Enzyme-luminescence method: Tool for real-time monitoring of natural neurotoxins in vitro and l-glutamate release from primary cortical neurons

•We describe the applicability of our previously developed novel enzyme-luminescence method for rapid and sensitive detection of natural neurotoxins (e.g., shellfish and mushroom toxins) using brain model cells (C6 glioma cells) in vitro.•A racemic mixtures of the gonyautoxins (GTX), including GTX2,3 and GTX1,4 were used for evaluating the inhibition effects of these toxins on glutamate release from the C6 glioma cells. The potency was compared based on IC50 values.•The activation effect of ibotenic acid (a mushroom toxin) on glutamate release from C6 cells was also evaluated.
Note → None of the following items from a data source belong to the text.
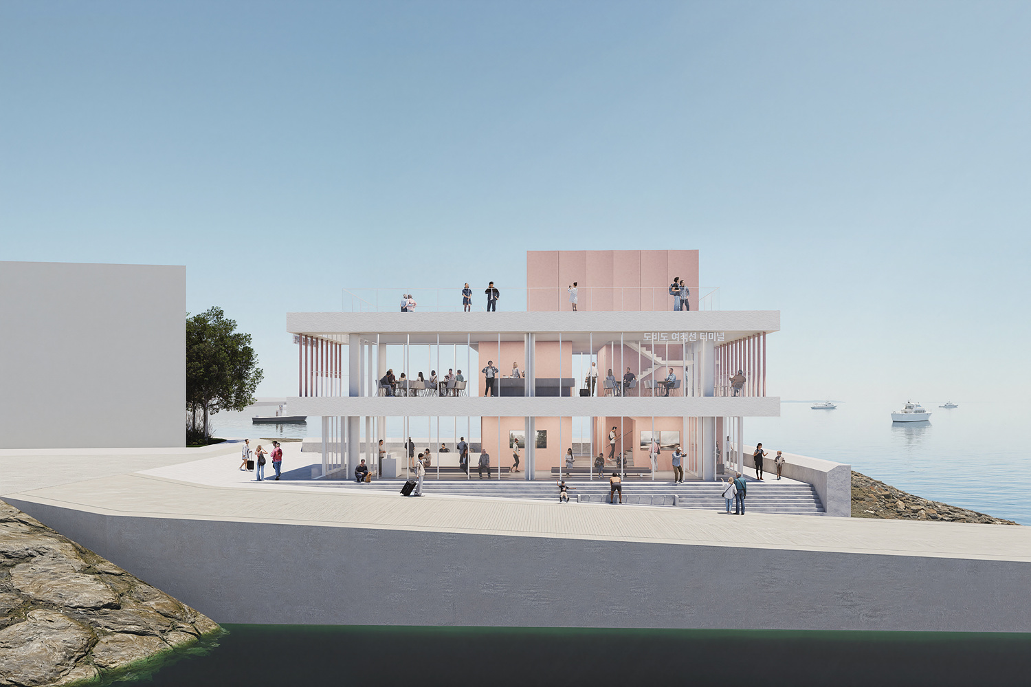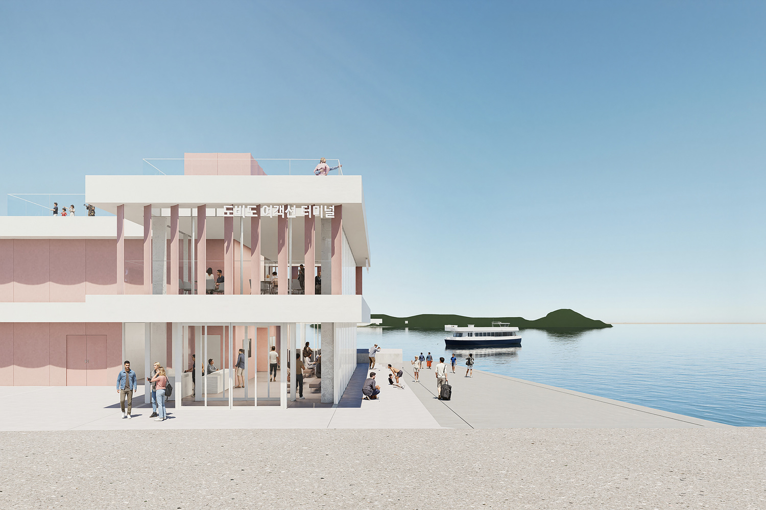 도비도항 여객선터미널은 바다와 항로를 향한 조망, 승·하선의 명확한 흐름, 지역에 열린 공공성을 하나의 수평적 질서로 엮어낸 해안 공공건축이다. 여러 섬을 오가는 항로와 맞닿은 대지의 조건에 응답해, 터미널은 바다를 넓게 조망하는 대합실과 테라스, 누구에게나 열린 계단광장을 중심으로 계획되었다.
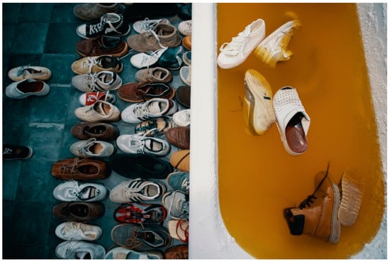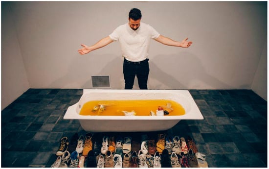 A sense of continuity links this installation with Foresta’s previous work, Mare Vostrum (Figure 3 and Figure 4), formed by a bath with yellow water, evoking African colours, with shoes of missing migrants, both in and outside the bath, and occasionally the presence of the silent artist. Dressing a bare room with strong colours was for Foresta a way to convey one of the most painful human experiences. The shock provoked by the colours evoking the origins of many migrants, and the shoes belonging to people who died crossing the Mediterranean, leave the artist, like each of us, speechless, as Figure 3 shows. Foresta’s installation, stretching back to and connecting Shoah victims to migrants who died in the Mediterranean, “congela lo spettatore in un crucciante silenzio: questo effetto lo si può sentire anche se la sala in cui è esposta è affollata” (it freezes spectators in a painful silence: this can be felt even when the exhibition room is crowded), as a critic claims (). Mare Vostrum was part of the 2019 modern art exhibition Cambio pelle (I am changing my skin) in the Contemporary Art Exhibition Centre of Caltanissetta.
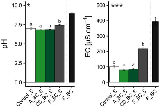 The control soil (Control_S) and the biochar-treated soils (F_BC_S, A_BC_S, and CC_BC_S) were analyzed for the following parameters: pH, electrical conductivity (EC), water holding capacity (WHC), soil organic matter (SOM), total carbon (TC), total nitrogen (TN), total phosphorus (TP), soluble phosphorus, available inorganic nitrogen (NH₄+-N and NO₃−-N), specific surface area (SSA), total pore volume, and pore radius. In addition, the biochar (F_BC) used to prepare the fresh biochar-amended soil for this study was also analyzed for pH, EC, and WHC, as well as SSA, total pore volume, and pore radius. It is important to underline that this is the same biochar that was used in 2010 for treating the soil, referred to in this study as A_BC_S. Furthermore, SSA, pore volume, and pore radius were also determined in two additional biochar samples, A_BC and CC_BC; these biochar samples were separated from a small amount of aged biochar-treated soils, A_BC_S and CC_BC_S, respectively.
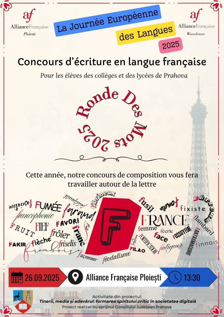 Fidelă rolului său cultural, misiunii de a difuza limba franceză, ca limbă de promovare a valorilor umaniste europene, Alianța Franceză Ploiești, a organizat în cadrul proiectului două concursuri dedicate valorizării abilităților lingvistice ale elevilor din școlile partenere, abilităţi exersate pe tematica proiectului, educaţia media : La Ronde des Mots (26 septembrie 2025), și Lire en fête (25 octombrie 2025).
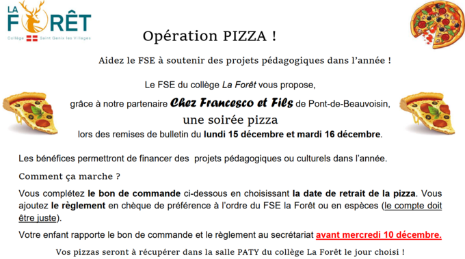 Ces niveaux peuvent quand même commander des pizzas si vous le souhaitez pour le jeudi 2 avril. Il faudra bien penser à venir les chercher.
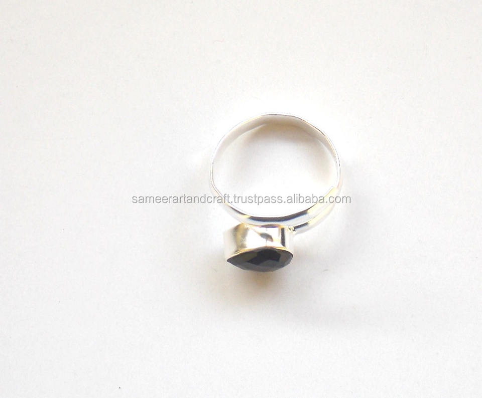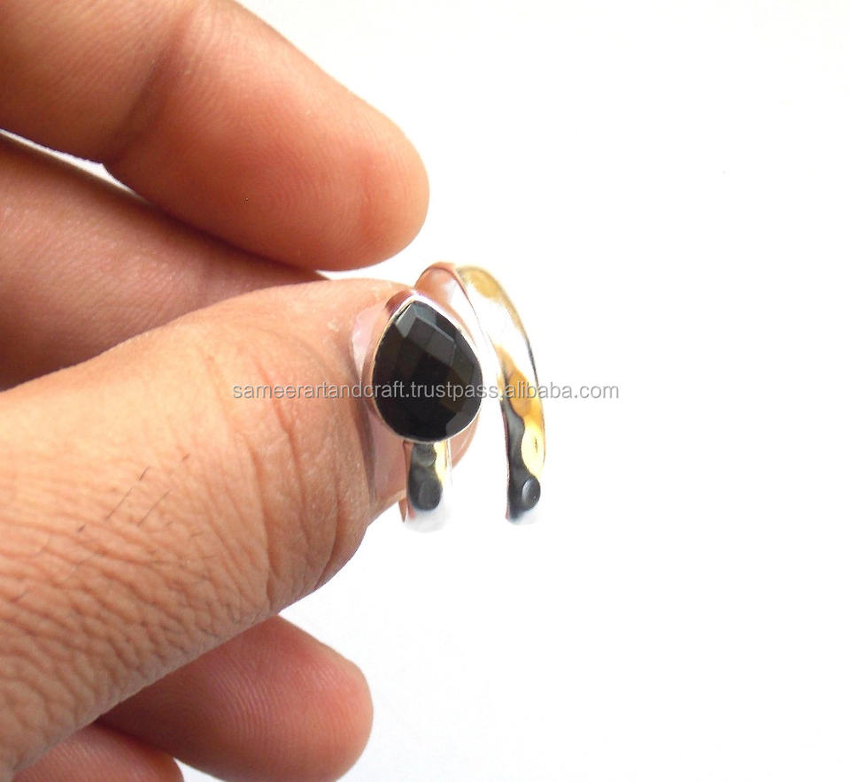 แหวนพลอยสีดำนิลชุบเงินปรับได้ทำด้วยมือ
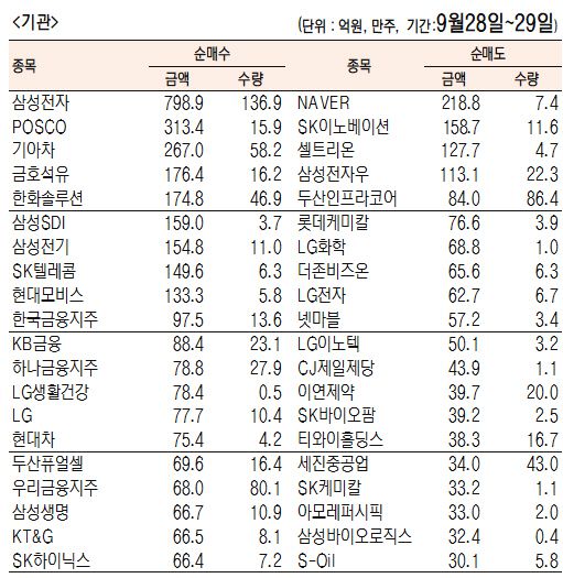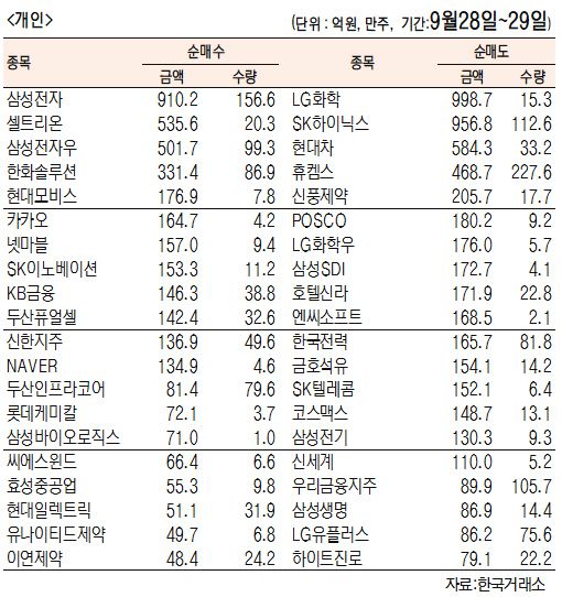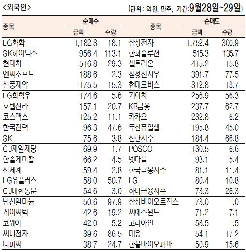 [표]주간 유가증권 기관·외국인·개인 순매수·도 상위종목(9월 28일~29일)
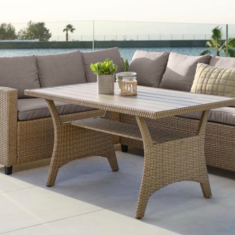 Utegrupp med soffa, två fåtöljer och bord i trä och rep, grå dynor
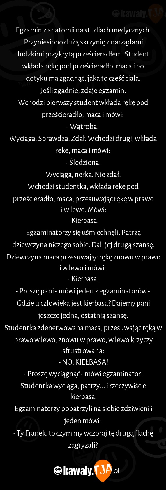 - Proszę pani - mówi jeden z egzaminatorów - Gdzie u człowieka jest kiełbasa? Dajemy pani jeszcze jedną, ostatnią szansę.
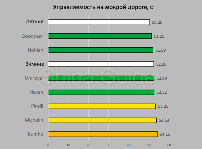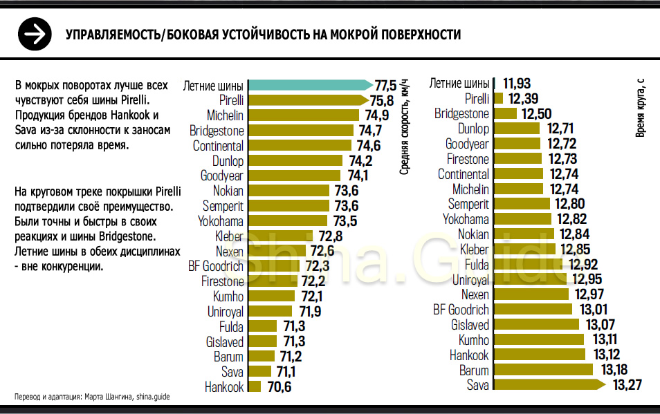 Боковая устойчивость, время прохождения круга в секундахШины Tigar Syneris и Infinity Ecosis пересекли финишную черту с разрывом в 0,1 балла, заняв при этом четвёртое и пятое места соответственно. Первых «подкосила» слабая управляемость на мокрой поверхности (сильные, сложно останавливаемые сносы колёс переднего моста), а вторых – низкая устойчивость к аквапланированию, особенно поперечному, и дисбаланс характеристик в мокрых условиях.
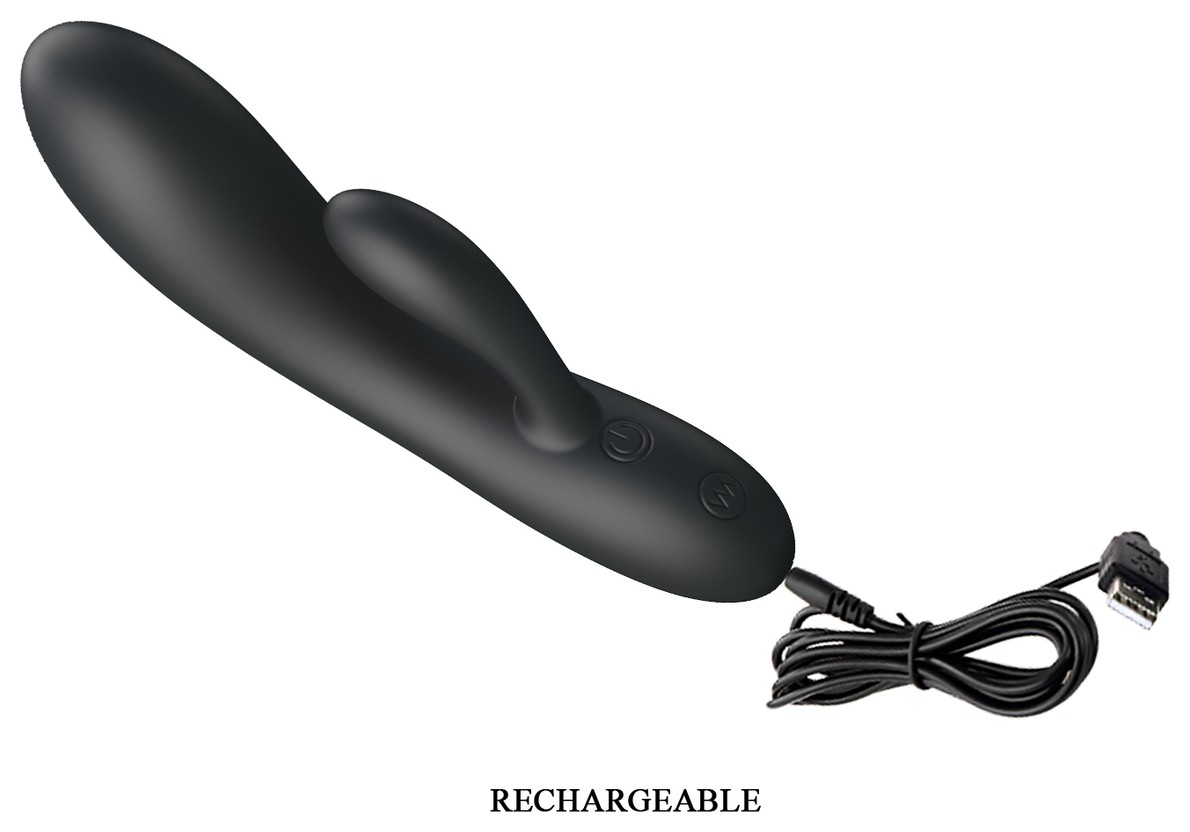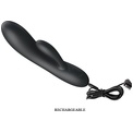 Многоскоростной перезаряжаемый вибратор черного цвета в компактном размере. Имеет клиторальный стимулятор с расположенным в нем моторчиком.

The potency was compared based on EC50 values.•We also tested the applicability of our system for real-time detection of glutamate release from primary rat cortical neurons instead of model cells.•This novel detection technique may be also applicable in determining neuronal differentiation ratio as well finding glutamatergic neurons without immunostaining in situ.•This sensing tool may also has a great potential for the investigation of the effects of various growth factors and chemicals on neuronal differentiation, neurotransmitter dynamics, neurodegeneration, and synaptogenesis.

Novel enzyme-luminescence method is used for the rapid and sensitive in vitro detection of natural neurotoxins (e.g., shellfish and mushroom toxins) using model brain cells. Paralytic shellfish poisons gonyautoxins (e.g., GTX2,3 and GTX1,4) were detected at 1 nM level by their inhibition of glutamate release from C6 glioma cells upon drug stimulation (IC50: GTX2,3 = 30 nM and GTX1,4 = 8 nM). Activation of glutamate release from C6 cells by ibotenic acid (a mushroom toxin) was also evaluated (EC50 = 10 nM). The method was tested for real-time detection of glutamate release from primary rat cortical neurons. Dose-dependent effects of KCl (0–200 mM) and NMDA on glutamate release from primary cortical neurons were studied. The effects of different culture conditions on K+-depolarization-induced glutamate release were also investigated. The method may be applicable to screening of drugs and toxins, and finding glutamatergic neurons in brain slices without in situ staining.